Months ago, Brenda recommended that I read Bird by Bird. Recently, I came across the book as I was browsing the library and was all to happy to try it out. A guide to writing, Bird by Bird read a little like a humorous and neurotic (in a charming way) memoir and was such an addictive read.
Ann Lamott provided a very nurturing guide. She coddled the aspiring writer with pretty obvious writing advice. Keep writing. Don’t write to be published, write to write. Get it all out and screw getting it perfect the first few time. She also rallied to not force your plot on your characters. Get to know the characters as they develop through writing, and if the plot doesn’t suit their way of life or personalities, ditch the plot and let the characters lead and navigate the story. I thought this “get to know your characters” approach very liberating and whimsical and it made me want to try writing fiction. In the end, the fact that she made me laugh out loud with her personal anecdotes, appreciate how versatile gardens are as metaphors, (I already turned in the library book or I’d share that excerpt on gardens with you), and made me consider writing fiction just for the sake of writing, has made this book one of my favorite books this year.
I can’t say enough how Bird by Bird was an enjoyable read, even for those who don’t write creatively. There was one piece of advice that spoke to me. I thought it was great general life advice regarding those frenemies who are prone to schadenfreude. Her advice is simply to be rid of them.

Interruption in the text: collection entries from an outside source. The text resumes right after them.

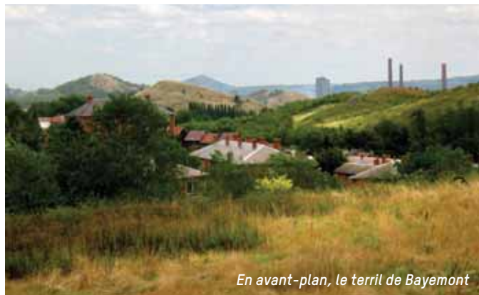
En avant-plan, le terril de Bayemont

Le terril de Bayemont est né des extractions du puits n°18 des charbonnages de Monceau-Fontaine, dit siège Parent, ou encore puits Providence. Il se situait à la rue des Réunis à Marchienne-au-Pont, à proximité d'une cokerie et le long du canal. Les deux premiers puits de ce charbonnage ont été creusés en 1844, le troisième en 1930. Son nom vient d'un certain Pierre-Joseph Parent, un homme d'affaires marchiennois qui avait acheté des bois à La Docherie pour y ériger des cités ouvrières. La profondeur des puits atteint 1.291 m. La particularité du siège est qu'il possédait trois chevalements, dont le plus grand a été érigé en 1930. Le 15 avril 1940, il fut le théâtre d'un coup de grisou qui fit 26 morts. On le voit apparaître dans le film « L'Étoile du Nord » (1982) et il sert de décor principal au film « Le Brasier » (1989). Fermé le 31 mars 1978, le charbonnage a été rasé en 1991. Les terrains appartiennent aujourd'hui au groupe Dufenco dont la friche est en voie de reconversion.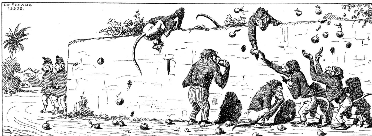
Hepfeldiebe I. Kopfseife von Evert van Nuyden.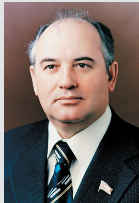
1984年2月20日,在莫斯科,第二年,他当选为苏共最高领导人。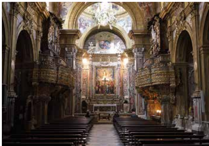
L'INTERNO DELLA CHIESA DI SAN GREGORIO ARMENO

❖ La via dei presepi non è fatta soltanto di negozietti e bancarelle ma è arricchita da una bellissima chiesa, quella di S. Gregorio Armeno nota anche come chiesa di Santa Patrizia. Una chiesa monumentale che, assieme all'adiacente complesso monastico, è uno degli edifici religiosi più antichi e importanti della città, un esempio di stile barocco napoletano con un'imponente

I don’t think you have time to waste not writing because you are afraid you won’t be good enough at it, and I don’t think you have time to waste on someone who does not respond to you with kindness and respect. You don’t want to spend your time around people who make you hold your breath. You can’t fill up when you’re holding you breath. And writing is about filling up, filling up when you are empty, letting images and ideas and smells run down like water – just as writing is also about dealing with the emptiness. The emptiness destroys enough writers without the help of some friend or spouse.
More Excerpts
“Novels ought to have hope; at least, American novels ought to have hope. French novels don’t need to. We mostly win wars, they lose them. Of course, they did hide more Jews than many other countries, and this is a form of winning.”
“You avoid forcing your characters to march too steadily to the drumbeat of your artistic purpose. You leave some measure of real freedom for your characters to be themselves. And if minor characters show an inclination to become major characters, as they’re apt to do, you at least give them a shot at it, because in the world of fiction it may take many pages before you find out who the major characters really are, just as in the real world it may take you many years to find out that the stranger you talked to once for half an hour in the railroad station may have done more to point you to where your true homeland lies than your priest or your bet friend or even your psychiatrist.”
Recommended Reading:
Two years ago, I read Stephen King’s On Writing and loved it. Also a guide on writing and memoir.